A total of 870 treehoppers and 24 species from the tribe Smiliini (Hemiptera: Membracidae: Smiliinae) were collected from various oaks in the Delaware Water Gap National Recreation Area in 2006 using yellow sticky cards. Combining all years and collecting methods, 27 species were found in the park. A majority of the specimens collected in 2006 were males of Cyrtolobus vau and Ophiderma pubescens, as in previous years. Most of the treehoppers were caught in mid to late June, comparable to 2004 and 2005. It appears that many species are segregated either temporally or by oak group; some treehopper species show preference for either the red or white oak group rather than for one species of oak. Color photographs for 27 treehopper species (many including both sexes) are included.

Introduction

Treehoppers, or membracids, feed on phloem of many plant species. Oaks (Fagales: Fagaceae: Quercus) are the most prominent hosts of treehoppers in the eastern United States. These insects are characterized by an enlarged pronotum that can resemble various plant structures such as buds, leaves, and thorns. Although treehoppers are not considered serious agricultural or forest pests, some mechanically injure plant stems during oviposition (Wallace and Deitz 2007). Recent research on treehoppers includes works on their systematics (Wallace and Deitz 2004; Cryan et al. 2004; Dietrich 2005); ecology and behavior including parental care, ant-mutualism, and acoustic communication (Wood 1993; Cocroft et al. 2006; Morales and Beal 2006); and biodiversity, life history, and interactions with plants (Wood 1993; Wallace and Troyano 2006). Several workers (Mason and Loye 1981; Johnson and Freytag 1997; Dietrich et al. 1999; Wallace et al. 2003; Wallace and Troyano 2006; and Bartlett et al. 2008) have examined treehopper species diversity and their host associations in different areas of the eastern U.S. Funkhouser's (1917) “Biology of the Membracidae of the Cayuga Lake Basin” remains the largest and most important work on Nearctic treehopper biology. Membracid ecology in Pennsylvania has been investigated by Moul (1943), Frost (1955, 1957), and Wallace and Troyano (2006). Approximately 97 membracid species have been documented from Pennsylvania.

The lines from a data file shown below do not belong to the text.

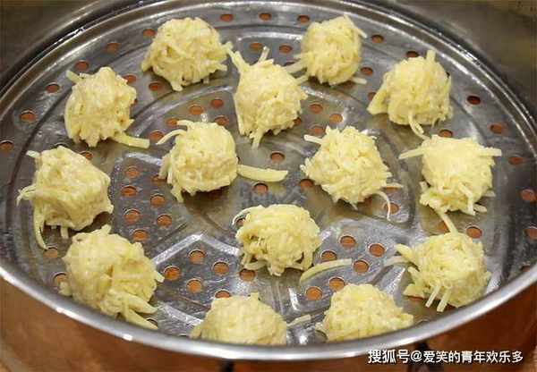 2.在蒸笼里刷上植物油防止粘锅,抓一把土豆馅在手心里团成圆球,摆放在蒸笼里面,水烧开以后上笼,盖上锅盖蒸8分钟就可以了。
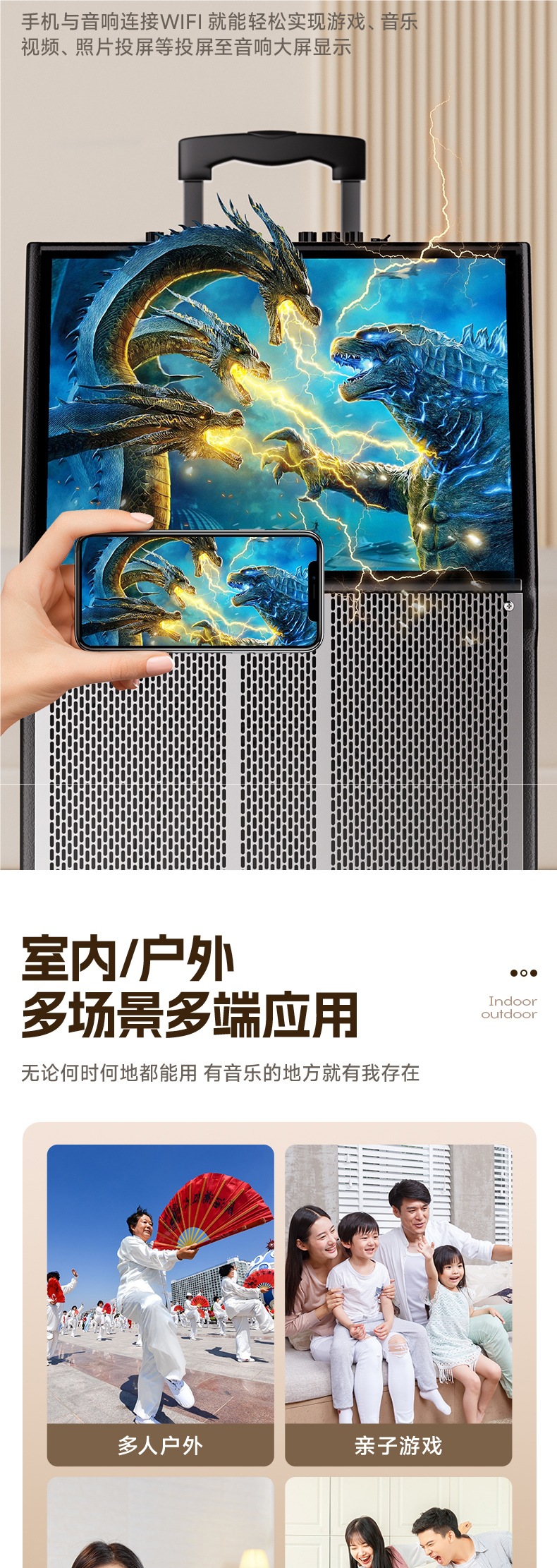 디스플레이 화면이 있는 스퀘어 댄스 오디오 야외 노래방 스피커 노래 KTV 홈 마이크 마이크 올인원 목재
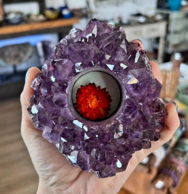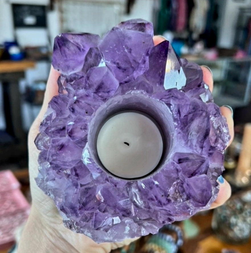 Vakker, AAA+ High Quality Brazilian Ametyst Cluster Telys dekorasjon.. ca. 12 - 13cm, Medium

Recent studies highlight the need for conservation of treehoppers and their kin. Despite their potential as pests, treehoppers are likely beneficial insects in certain situations. Styrsky and Eubanks (2007) suggested that some plants may indirectly benefit from the mutualistic association between treehoppers and their ant attendees. Predaceous ants may discourage outbreaks of pest herbivores on plants that ants inhabit. Furthermore, treehoppers are common herbivores in many ecosystems and are prey items for vertebrate and invertebrate predators. Treehopper populations are now threatened by many factors. The health of eastern forests of the United States continues to be endangered by exotic organisms and abiotic factors such as increasing levels of air pollution. The spread of urban growth and the destruction of forested areas also jeopardize eastern deciduous forests. Oaks, and therefore treehoppers and other oak herbivores, are threatened by diseases such as sudden oak death (O'Brien et al. 2002) and bacterial leaf scorch (Lashomb et al. 2002). Indeed, treehoppers have been implicated as potential vectors of bacterial leaf scorch (Lashomb et al. 2002).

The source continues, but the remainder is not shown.